Annual global climate strike occurs Sept. 24, with low Houston turnout
Sept. 24 marked climate marches that occurred across the country, including one scheduled to occur in Houston. Rice Climate Alliance, a club dedicated to advocating for and educating students on the current climate crisis, did not attend due to the Houston march’s poor organization, according to Clara Ursic, the Rice Climate Alliance treasurer.
Rice Climate Alliance planned to attend the climate march in front of Houston’s city hall, but it was eventually cancelled due to low coverage and poor anticipated turnout in the Houston area, according to Ursic. Comparatively, around 2,000 students attended the New York City march on Sept. 24, with thousands of other demonstrations occurring around the globe.
Over 1,300 climate marches were registered to happen on Friday around the world, as part of Fridays for Future, which started during the climate marches in 2019. Ursic said she was disappointed that the Houston march was canceled, especially since Houston is a big city.
“There wasn’t really an organized strike, or at least there was such little information that we could get and there wasn’t really a big movement in the city,” Ursic said.
According to the National Oceanic and Atmospheric Administration, 2020 was a historic year of weather extremes, with a record of 22 separate billion-dollar weather disasters in the United States alone. with current changing weather patterns attributed to climate change, one being the fact that on average, there are seven natural disasters per year, evidence points to irreversible future consequences.
Richard Johnson, sponsor of the Rice Climate Alliance, wrote in an email to the Thresher that he believes the planet is currently approaching a turning point, climate-wise.
“Experts suggest that once we hit 1.5 degrees Celsius – in other words, when we add just another half degree Celsius of warming on top of the one degree that has already happened – things will truly go from bad to worse,” Johnson, executive director of Rice’s Sustainability Program, said. “And at 2 degrees Celsius – another full degree of warming – we get into potentially dystopian scenarios. In short, we need to be deeply concerned.”
Johnson said that climate change can affect certain communities more than others.
“We need to be mindful that the impacts of climate change fall disproportionately on historically disenfranchised populations, and as temperatures continue to rise, this will only get worse,” Johnson said. “Now more than ever, we need to look out for each other.”

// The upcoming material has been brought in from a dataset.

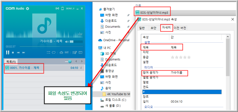 아래 이미지처럼 수정한대로 노래제목이 바뀌었습니다.
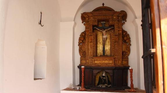 Rubio explicó que la tradición popular cuenta que la talla del crucificado fue encontrada dentro de un pozo y extraída con una escarpia que aún cuelga como testigo junto a la imagen.

Ursic also said climate change impacts people disproportionately, such as lower-income communities. Ursic said the most glaring issue to her is the fact that future generations will not be able to have the same opportunities as people do now.
“[Combating climate change is] about ensuring that as time goes on the Earth is fit for future generations,” Ursic said.
Ursic said the Rice Climate Alliance has several projects planned for the upcoming semester to take action.
“I think as a university, we could do a lot,” Ursic said, “For example, one of our main projects is the Divestment Initiative. We’re trying to research a lot about divesting from fossil fuels and then reinvesting in renewables.”
Johnson said that all students are involved in the climate crisis, even if they are not associated with a particular cause.
“You’re already involved, regardless of whether you identify as being part of any particular climate cause or not,” Johnson said. “Be energized by the thought that we collectively have the opportunity to remake the world for the better. It’s not the situation we asked for, but it’s the defining moment that’s upon us.”